▶ THE DATA:
******

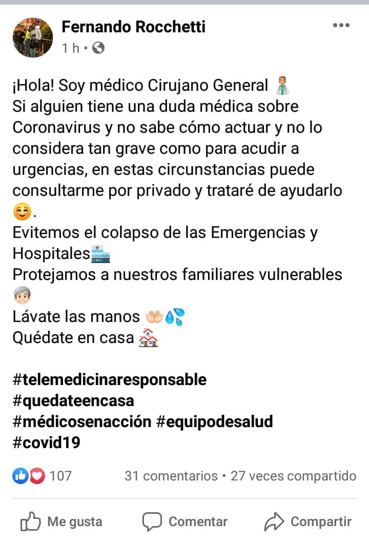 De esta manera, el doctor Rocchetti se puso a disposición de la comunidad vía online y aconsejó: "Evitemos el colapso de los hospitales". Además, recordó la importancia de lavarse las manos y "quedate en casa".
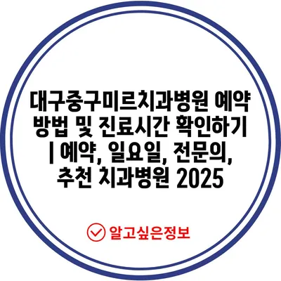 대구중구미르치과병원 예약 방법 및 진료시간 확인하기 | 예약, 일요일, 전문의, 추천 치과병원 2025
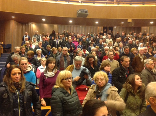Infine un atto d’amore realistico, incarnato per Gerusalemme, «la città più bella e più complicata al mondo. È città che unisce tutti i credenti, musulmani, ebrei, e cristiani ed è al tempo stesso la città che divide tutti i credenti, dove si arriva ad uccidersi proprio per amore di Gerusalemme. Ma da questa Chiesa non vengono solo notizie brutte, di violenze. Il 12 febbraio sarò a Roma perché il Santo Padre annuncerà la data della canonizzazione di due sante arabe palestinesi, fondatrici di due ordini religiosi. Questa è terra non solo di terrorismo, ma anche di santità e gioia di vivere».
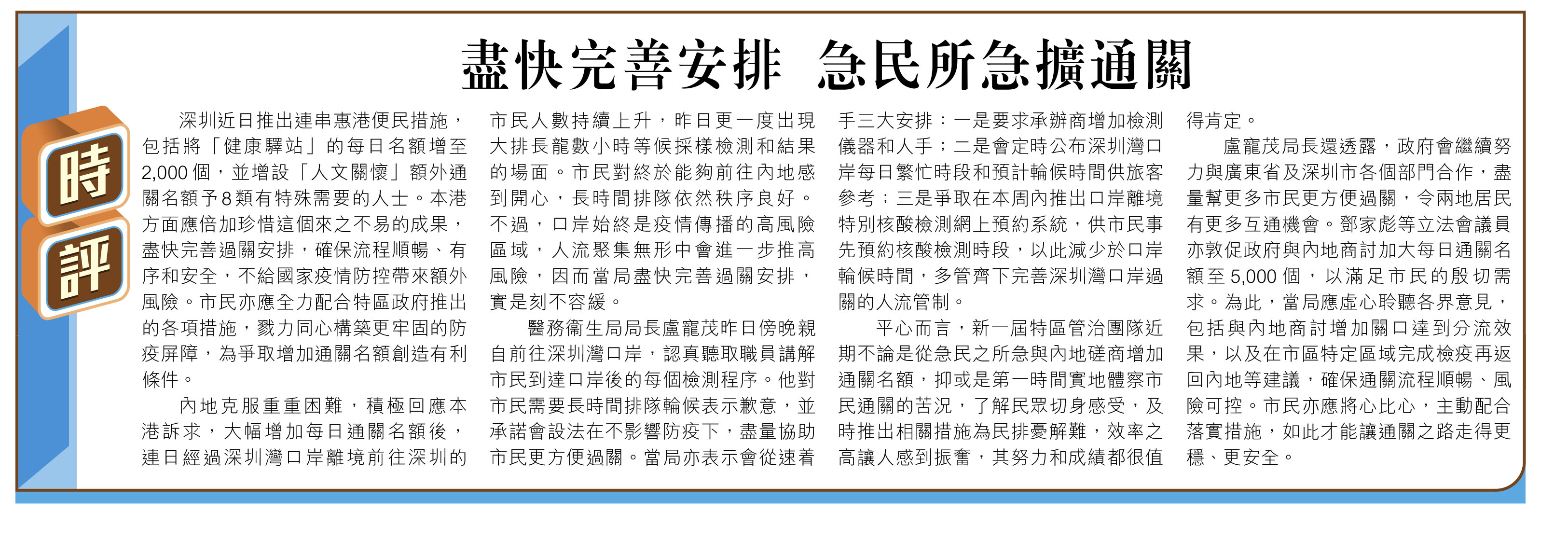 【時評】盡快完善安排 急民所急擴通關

******

Please copy the lines above, starting at the one that holds "대구중구미르치과병원 예약 방법" and stopping after the last line, exactly as they appear and minus the pictures.

 대구중구미르치과병원 예약 방법 및 진료시간 확인하기 | 예약, 일요일, 전문의, 추천 치과병원 2025
Infine un atto d’amore realistico, incarnato per Gerusalemme, «la città più bella e più complicata al mondo. È città che unisce tutti i credenti, musulmani, ebrei, e cristiani ed è al tempo stesso la città che divide tutti i credenti, dove si arriva ad uccidersi proprio per amore di Gerusalemme. Ma da questa Chiesa non vengono solo notizie brutte, di violenze. Il 12 febbraio sarò a Roma perché il Santo Padre annuncerà la data della canonizzazione di due sante arabe palestinesi, fondatrici di due ordini religiosi. Questa è terra non solo di terrorismo, ma anche di santità e gioia di vivere».
 【時評】盡快完善安排 急民所急擴通關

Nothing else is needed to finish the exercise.